Inception date: No inception date

Import-related non-tariff measure, nes

On October 5, 2016, the Court of Appeals for the Third Circuit issued a decision in the case of United States ex rel. Custom Fraud Investigations, LLC v. Victaulic Company (Case No. 15-2169) remanding a 'reverse' False Claims Act case to the District Court for the Eastern District of Pennsylvania. Legal analysts believe that the decision could lead to stricter enforcement of rules requiring that goods be marked with their country of origin. Under the False Claims Act, a 'whistleblower' that brings evidence of fraud to the government may be entitled to a reward. A 'reverse' false claim is one in which the alleged fraud involves an attempt to avoid a legal obligation (as opposed to a fraud aimed at improperly receiving funds from the government). At issue are provisions in the Tariff Act of 1930 mandating that pipe fittings manufactured outside the United States be marked with the country of origin; pipe fittings manufactured in the United States are typically unmarked. Imported pipe fittings that are not properly marked are subject to an additional 10% tariff. If improperly marked goods are discovered by customs officials, the importer has three options: (1) re-export the goods; (2) destroy the goods; or (3) mark them properly to be released for sale in the United States. In this case a private firm (Custom Fraud Investigations, LLC) alleged that many of the pipe fittings that Victaulic imported from China and Poland were not appropriately marked, and alleged that Victaulic's failure to pay the duties owed on foreign-manufactured pipe fittings constitutes reverse false claims.
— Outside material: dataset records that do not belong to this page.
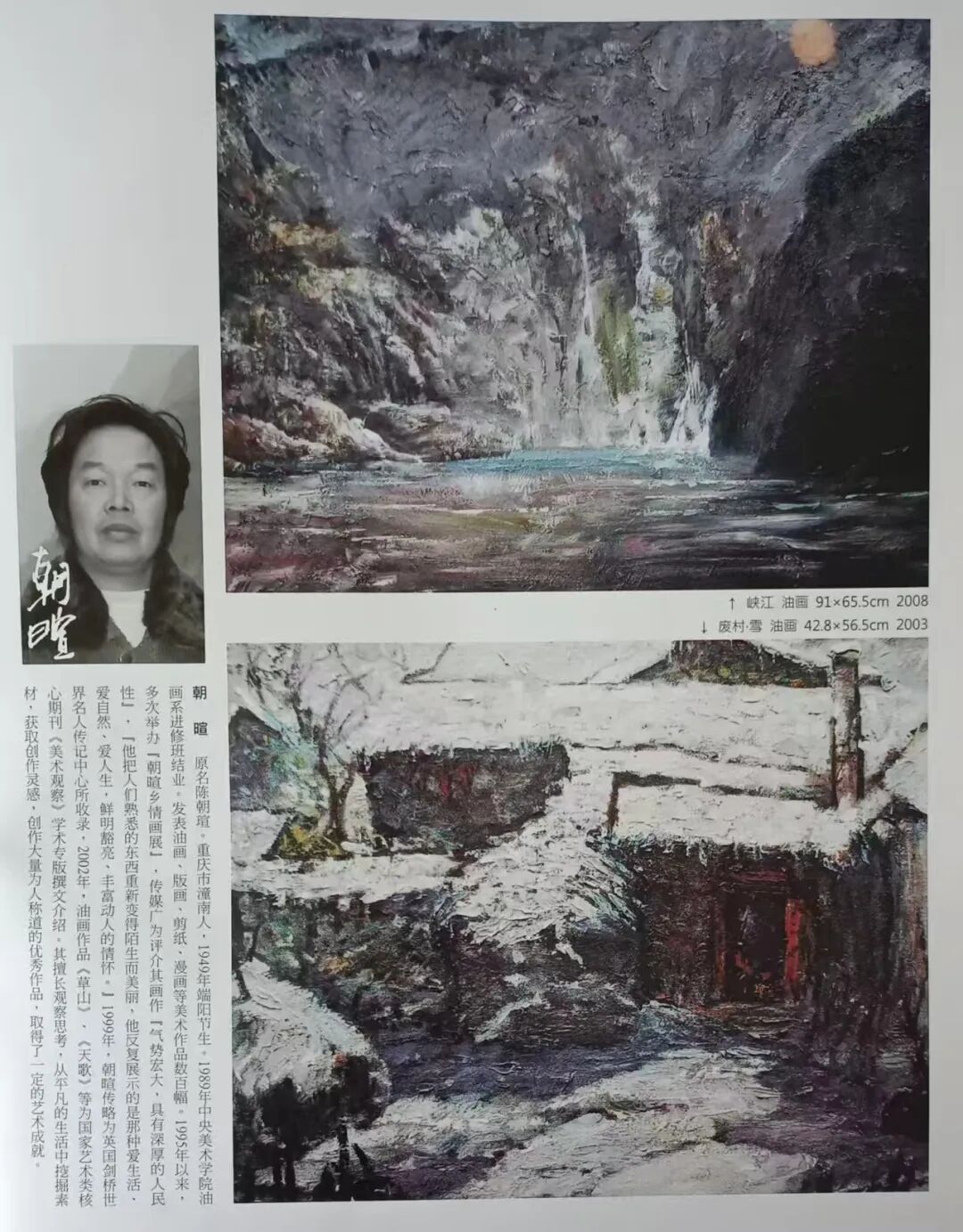 陈朝瑄,笔名朝暄,号凌云子。重庆市潼南人,1949年端阳节正午出生(6⽉5日)。从小随处涂鸦,终身爱好绘画,一生创作丰硕,多次举办“朝暄乡情画展”,引起轰动,收到各阶层人士和多个媒体广泛好评。为各地慈善机构和抗震救灾活动捐赠大量作品,被中外友人广泛收藏。在家乡建有“朝暄画苑”。1989年于中央美术学院油画系进修结业。现为云南省曲靖市麒麟区文化馆美术创作员。曲靖市美术家协会常务理事,油画学会主席,麒麟区美术家协会主席。自1981年从事美术创作以来,在国内外报刊发表油画、版画、漫画。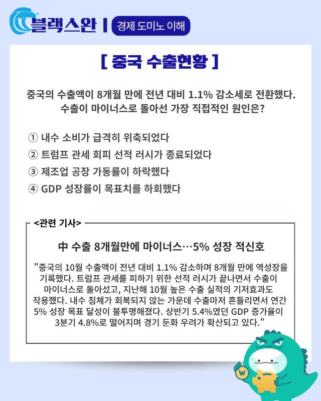 ▶ 기사 바로가기: 中 수출 8개월만에 마이너스···5% 성장 적신호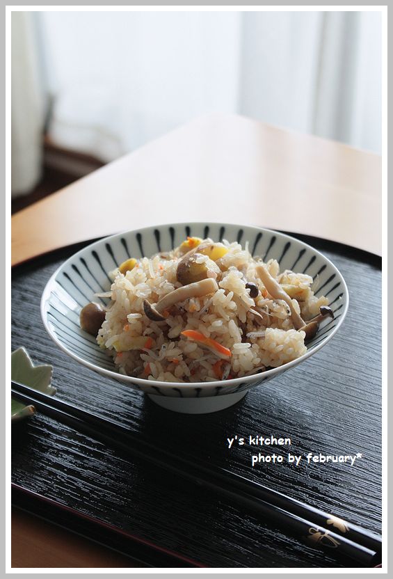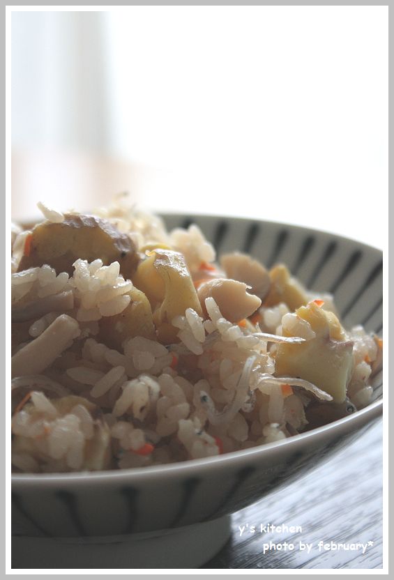 栗、しめじ、じゃこ、にんじん、ごぼう かな?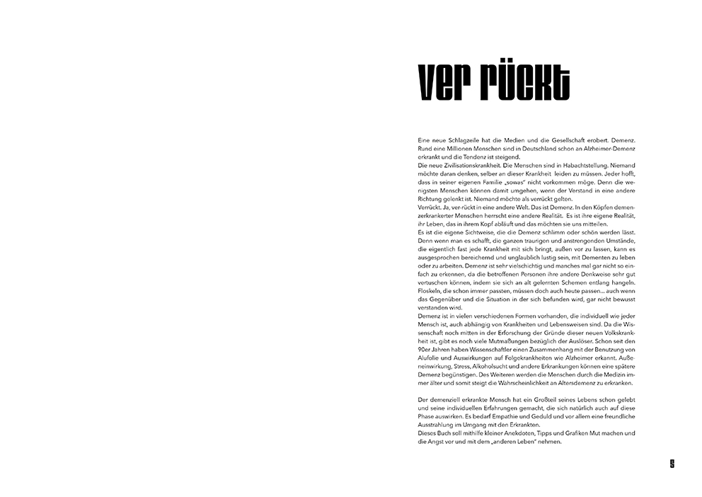 Meine Bachelor Arbeit beleuchtet die emotionale Ebene der Krankheit Demenz. Hierzu habe ich wahre Geschichten mit hilfreichen Tipps zum Umgang mit Dementen verknüpft und einen Illustrationsstil entwickelt, durch den sich der Betrachter besser in den Dementen hineinversetzen kann.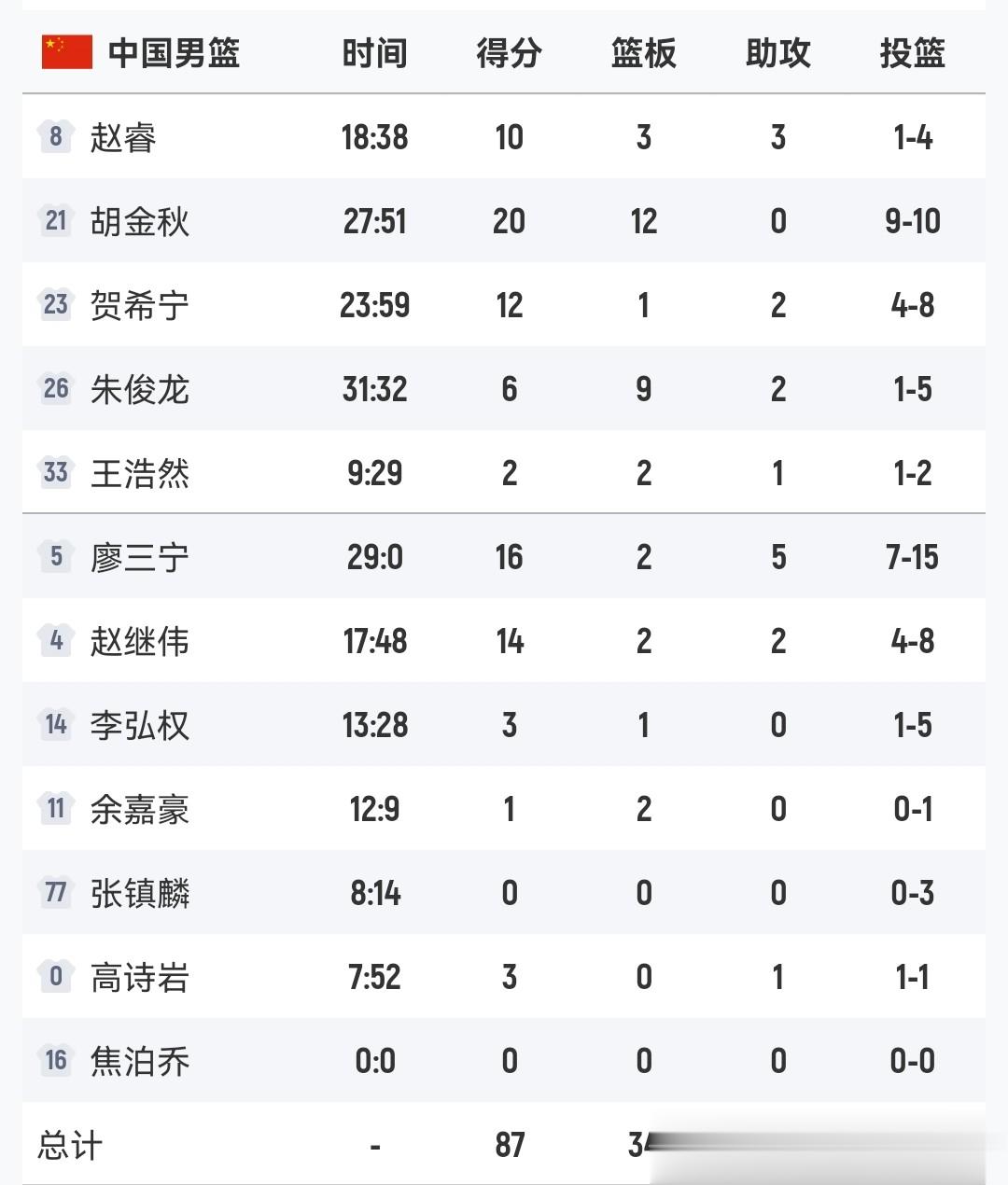 还有廖三宁的表现同样非常出色,他得到了全场第二高的16分,另外还贡献了5次助攻。在中国队上半场进攻受阻时,廖三宁的个人进攻也始终在线。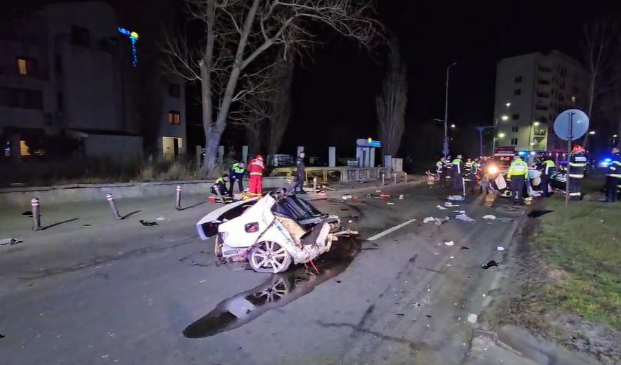 Cinci tineri se aflau în mașină, în momentul accidentului: patru băieţi şi o fată, cu vârste între 21 şi 25 de ani. Din primele informaţii, o maşină care circula cu viteză s-a izbit de un stâlp. Impactul a fost atât de puternic, încât autoturismul s-a rupt efectiv în două, potrivit observatornews.ro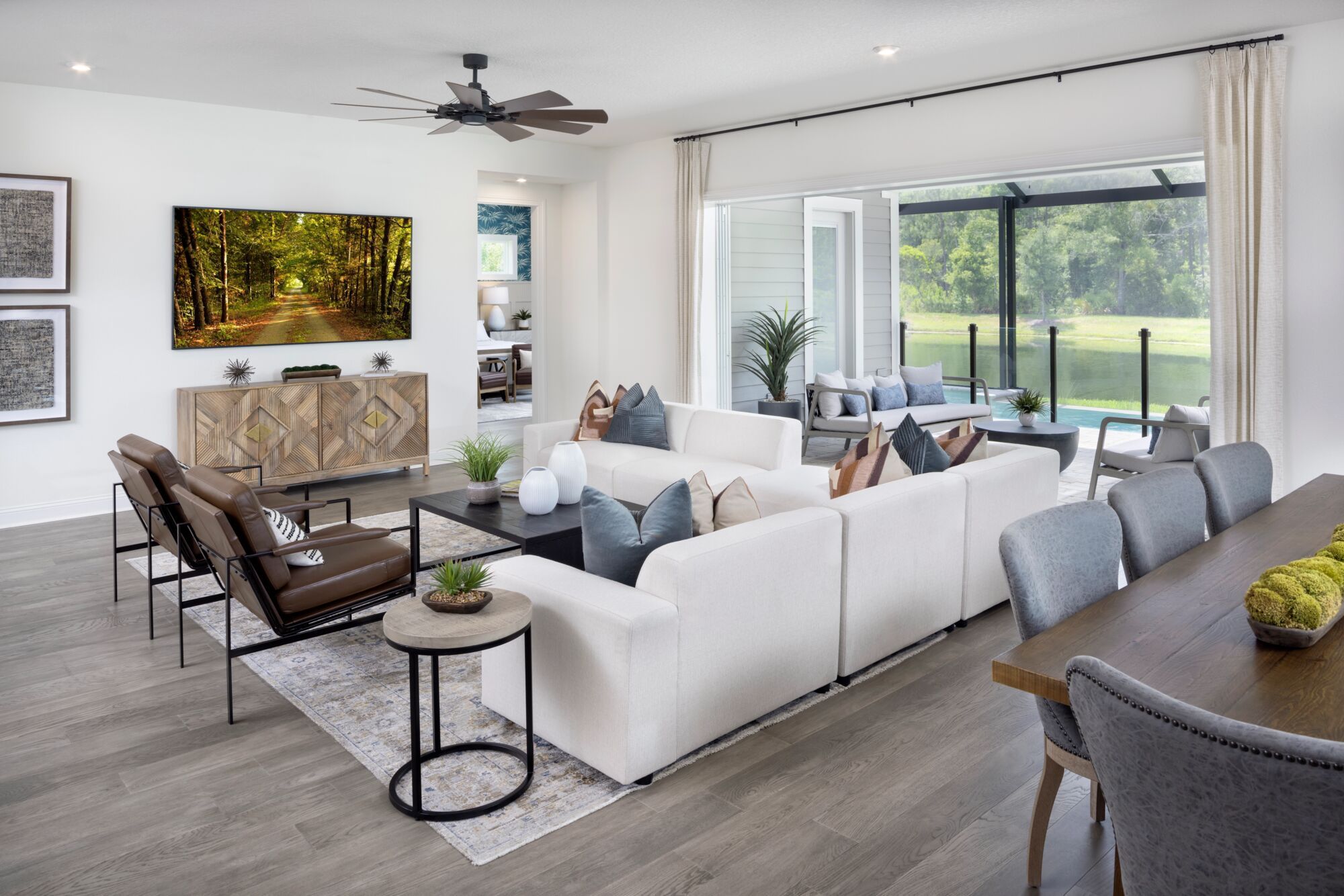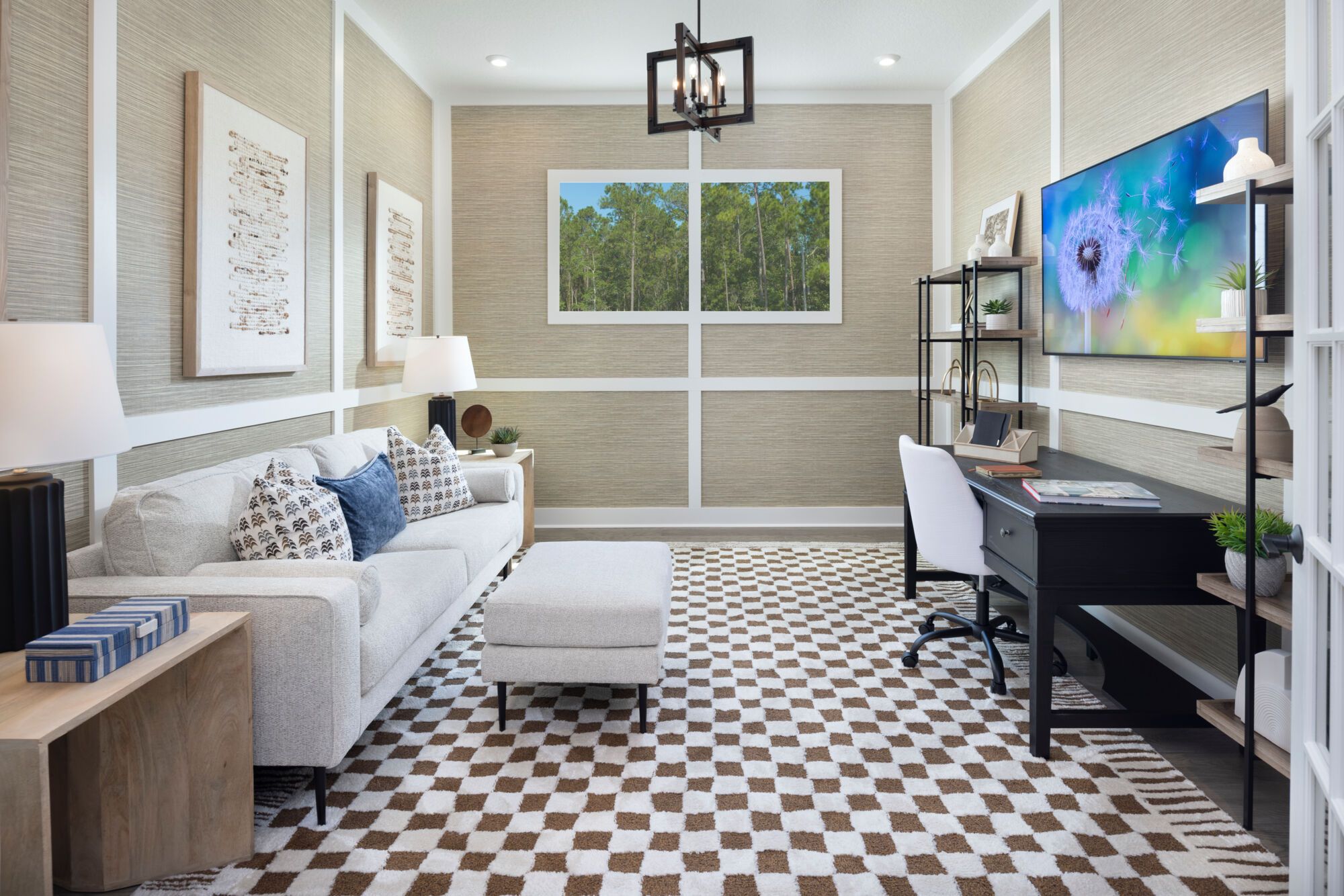 The Topaz blends timeless charm with modern comfort, showcased by its stunning Low Country elevation and thoughtfully designed 4-bedroom, 3.5-bath layout with a spacious 3-car garage. From the moment you step inside, the welcoming foyer opens to an airy Great Room that flows effortlessly into the dining area and extended covered lanai, creating a light-filled setting perfect for entertaining or everyday living. The chef-inspired kitchen is the heart of the home, featuring a large island overlooking the main living space, a convenient morning kitchen, and a generous walk-in pantry. Tucked privately at the rear, the luxurious owners suite offers a peaceful retreat, while two secondary bedrooms are situated along a private hallway. A fourth bedroom with its own garage entry provides added flexibility for guests or multigenerational living. A Study in Lieu of Flex Room near the front of the home creates the ideal private office or creative space, and Bath 2 Shower in Lieu of Tub adds a sleek, spa-like touch to the secondary bath. Designed for both connection and comfort, the Topaz truly offers the best of Florida living.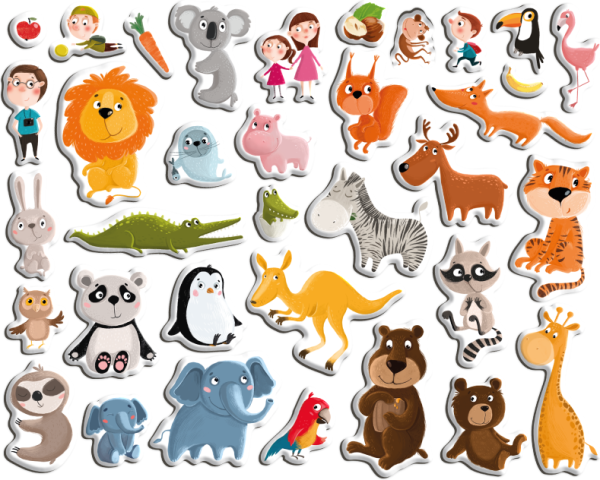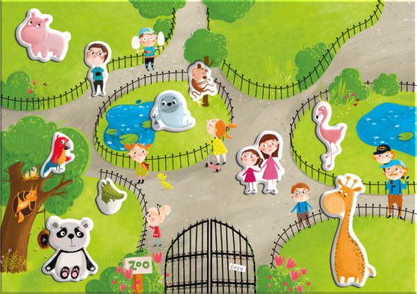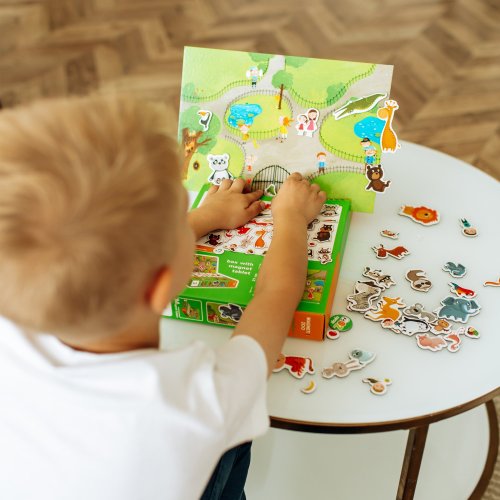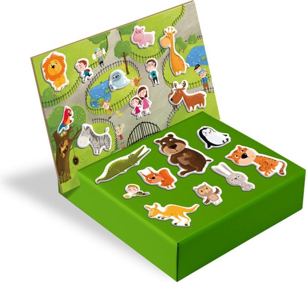 Sada obsahuje magnetickou desku a 35 magnetických prvků se zvířátky ze Zoo. Děti mohou vytvářet vlastní příběhy se zvířátky v hlavní roli a rozvíjet tak svou představivost a kreativitu. Magnetická deska je snadno přenosná, což umožňuje hru doma i na cestách. Hra podporuje jemnou motoriku a rozvoj jazykových dovedností. Krabička slouží jako stojan pro podkladovou magnetickou herní desku.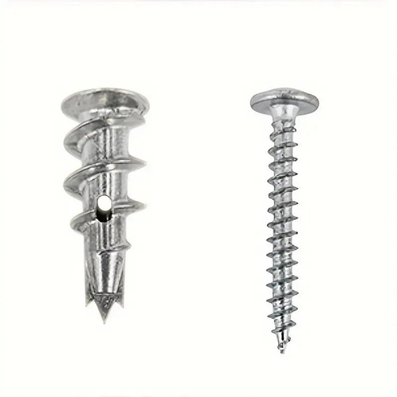 - Pack Quantity: Contains 30 Plasterboard Fixings and 30 Screws,The metal screws fit into all kinds of plasterboards as wall plugs or wall anchors.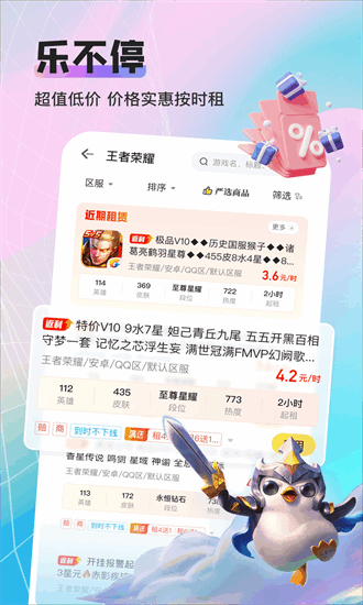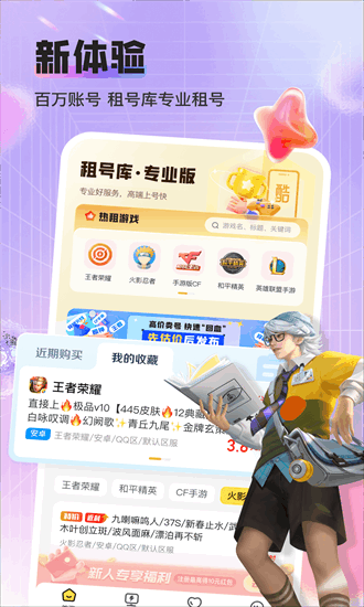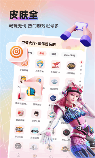 1、游戏覆盖全品类:提供当下热门游戏(如王者荣耀、英雄联盟、和平精英等)和火爆新游的账号出租。

A district court had previously found that Victaulic's failure to pay marking duties did not amount to a reverse false claim, but the Third Circuit panel disagreed. In a two-to-one ruling it remanded the case to the district court for further consideration. The court observed that the 'reverse claims provision is clear: any individual who 'knowingly conceals or knowingly and improperly avoids or decreases an obligation to pay or transmit money or property to the Government' may be subject to liability.' In the event that the district court finds for the plaintiffs, it may create a new incentive for other private interests to bring claims and, in the process, increase a burden on importers.